●『君の名は。』と『シュタインズゲート』と『魔法少女まどか☆マギカ』は、ざっくりみればどれも同じ構造の物語だと言える。世界の分岐点となる過去を変えることで未来(現実)を変える(『まど☆マギ』の場合、宇宙の始点から全部変えるわけだが)。それはつまり、過去を変えない限り未来は変わらない、という話になる。過去を変えるための方法は、『君の名は。』では古来から伝わる特別な力とシステムであり、『シュタゲ』では最新のテクノロジーであり、『まど☆マギ』では魔法(あるいはQべえによる超テクノロジー?)である、という違いがあるだけだ。
(ほむらの反復と岡部の反復。ほむらは、その絶望的な反復によって、まどかに過去を変えるための潜在的な力を供給し、岡部の絶望的な反復は、それによって過去を変えるための認識を蓄積する。)

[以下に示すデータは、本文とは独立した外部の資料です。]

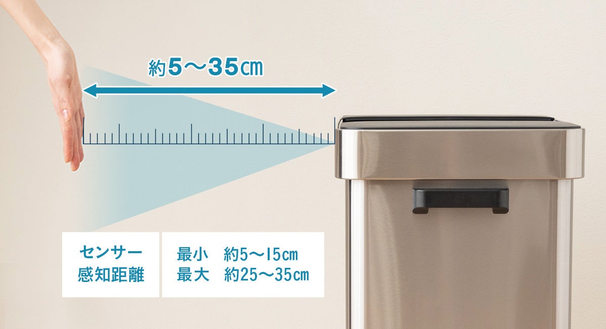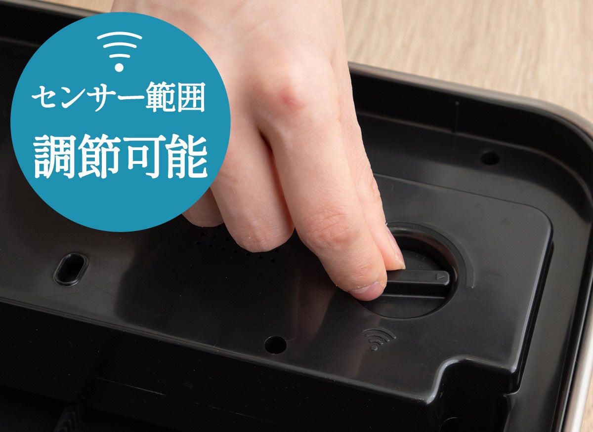 人感センサー搭載なので、蓋の手前に手をかざすだけで自動でふたが開きます。人が感知エリア内から離れると約5秒後に自動で閉まります。タッチスイッチに軽く触れると、手動で開閉することもできます。
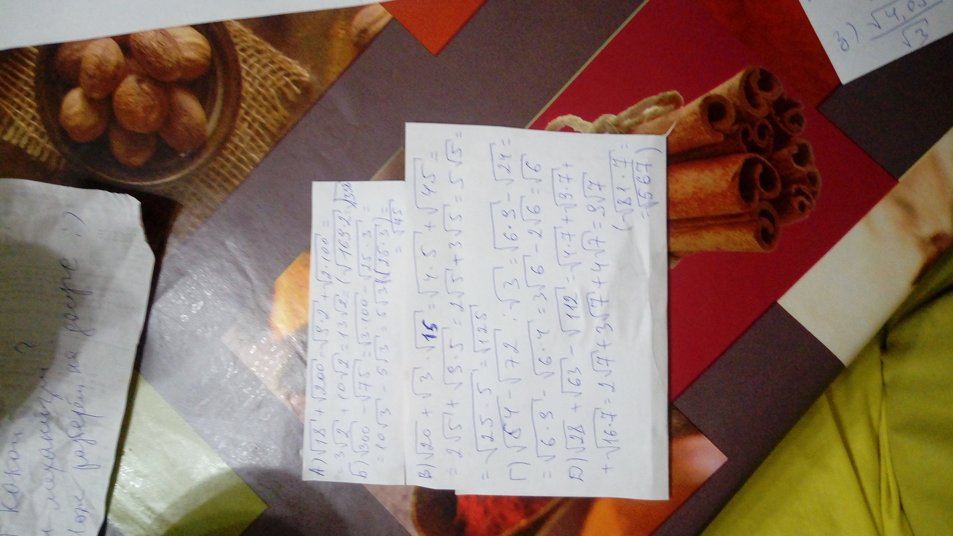 А)√18 + √200 Б) √300 - √75 В)√20 + √3 *√15 г)√54 - √72 : √ 3

ここで『シュタゲ』の「世界線」という概念だけがやや微妙で(つまり面白くて)、これは現実は一つであるのか(特定の世界線のみが「現実」であるのか)、あらゆる「世界線」が平等に「現実」であるのか、どちらもあり得るという含みをもたせている。物語では一応、現実は一つであるという前提で進んでいるけど、それは物語が岡部(他の岡部ではなく連続的なこの岡部)の視点でだけ記述されているからで、そう言い切れる根拠は示されていない(阿万音=ジョン・タイターはそう説明しているが、夢のなかの椎名まゆりは多世界解釈に近い)。原理的に岡部(=観客)にはそれを知るすべがない。